Unless you get a custom job, a frame with a seat tube as long as you need will have a top tube that is proportional. Top tubes can only get so short, anyway, before toe clip clearance is an issue. Even going to 26" wheels might not be good enough. That's why WSD Terry Bicycles use 650B (24") wheels on their very short top tube designs. I don't think you have to get that radical. What i would do, if it were me, is get an upright bar that has a large amount of back sweep. North Road Bars definitely qualify, check out the Velo Orange North Road Bar, but other bends can offer huge amounts of backsweep and considerable amounts of rise as well. But be certain that you really need that much accomodation. "relatively long legs and short torso" is how a lot of women describe themselves. A bike fit website requires much more precision. To really do it right, someone else has to get up close and personal with your body and a tape measure. The person who could do that for me is blind so I make do with less precision than is perhaps ideal. Also, could be the angle but... your seat does not look level. It should be. Any deviation from level should be with a 'nose up' aspect. No more than a few degree's though, a little goes a long way. If in doubt. Dead level.
Originally Posted by MountainMommaC
According to Sheldon Brown, 650B lies between 700C and 26", with 700C having a BSD (bead seat diameter) of 622, 650B having a BSD of 584 and 26" having a BSD of 559. Measuring Bicycle Rim Sizes
Originally Posted by Leisesturm
Thus, for reducing toe-overlap one is better off with a 26" than a 650B, but only by a little.
Terry does build some bikes with 24" (520 BSD) and with 650C (571 BSD) front wheels. And let's not even get started on all the various BSD's of tires/rims labelled as 26".
I know a lot of you are going to cringe, but here's what I've come up with (with a few more questions):
(Also, for the record, I went to a couple of bike shops with the Surly and they all say the top tube is too long for me, but vertically I couldn't go any smaller. And after many more doc appointments, for the foreseeable future my options are to not ride or ride upright--it's not just the wrists after all.)
I found an upright steel frame with 26" wheels--this one? Fuji Sagres 3.0 LS Bike Pearl White/Gold 16in (S) for Sale - Mens want to swap at least most of my Surly components over. The two hitches I think I'll run into are with the fork and brakes (obviously).
My questions are how much I might expect to pay someone to braze on a rear disc tab? And the fork--both headsets are listed as 1 1/8", but what else do I need to look for/be worried about? The headtube length on the Surly is 6.4, whereas on the Fuji my options are 6.2 or 7.4 (I'm not sure without trying them whether the 16" or 18" frame will be best for me otherwise).
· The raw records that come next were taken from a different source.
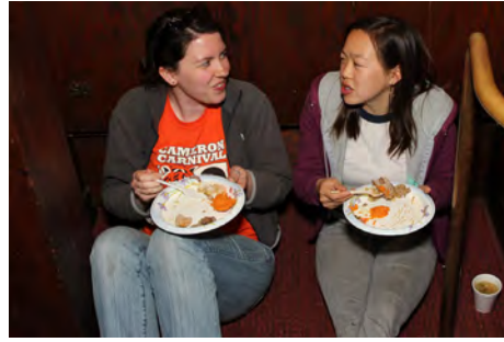
7:30pm Friday, May 4th: Pre-Carnival rally and dinner for Carnival volunteers and helpers.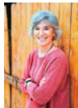
Friends of The Gardens Board President

We've had a wonderful first half of 2023 and we look forward to seeing you this summer. Thank you for being a Member!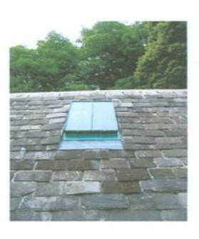
Completed rooflight in-situ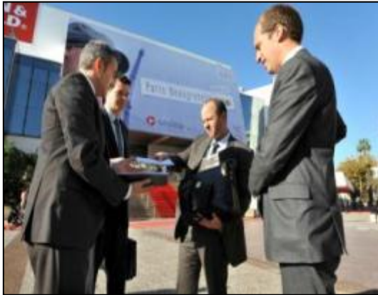
OUTSIDE BANNERS from 3,000€ to 40,000€ (+production costs non incl.)

I don't think my Surly fork is cut at all.
Thank you again everyone!
there may need be more saddle setback and higher, closer bars , that combination shifts the weight off your hands and onto your back side.
I currently have a surly disc trucker with trekking handlebars but am leaning too much on my hands.
QBP Surly's parent company, sells the same fork as they used in the bike, then you dont cut the steerer tube down.. (add more spacers)
Would it be possible to find an even longer steerer tube/fork to pair with my surly?
the assembly line project included cutting the steerer down in a formula that matches the s1ze of the frame , not the needs of the rider..
Last edited by fietsbob; 04-14-14 at 01:48 PM.
This is a very bad idea. Moving components over from your Surly will not be cheap. I'm sure you can afford it, but, why? Why pay hundreds of dollars and at the end of it still only have one rideable bike? You can buy a decent new bike outright with the savings on the now moot shop fees and welding/brazing charges and etc. and you will still have the Surly to sell or whatever. By the way, no matter what you or your doctors think, the best position for your back is supported at both ends. Sitting bolt upright on anything is not the ideal situation for backs, or wrists even. I mean, you could get really extreme about it and put a set of time trial bars on your Surly and all of your upper body weight would then be supported by your forearms and elbows. I also don't know who has managed to totally convert you to thinking that disc brakes are some kind of must have, but they aren't. Humanity got along fine before the last 5 years or so of available disc brakes for the retail bike market. Certainly one does not have to have a disc at the rear! FWIW.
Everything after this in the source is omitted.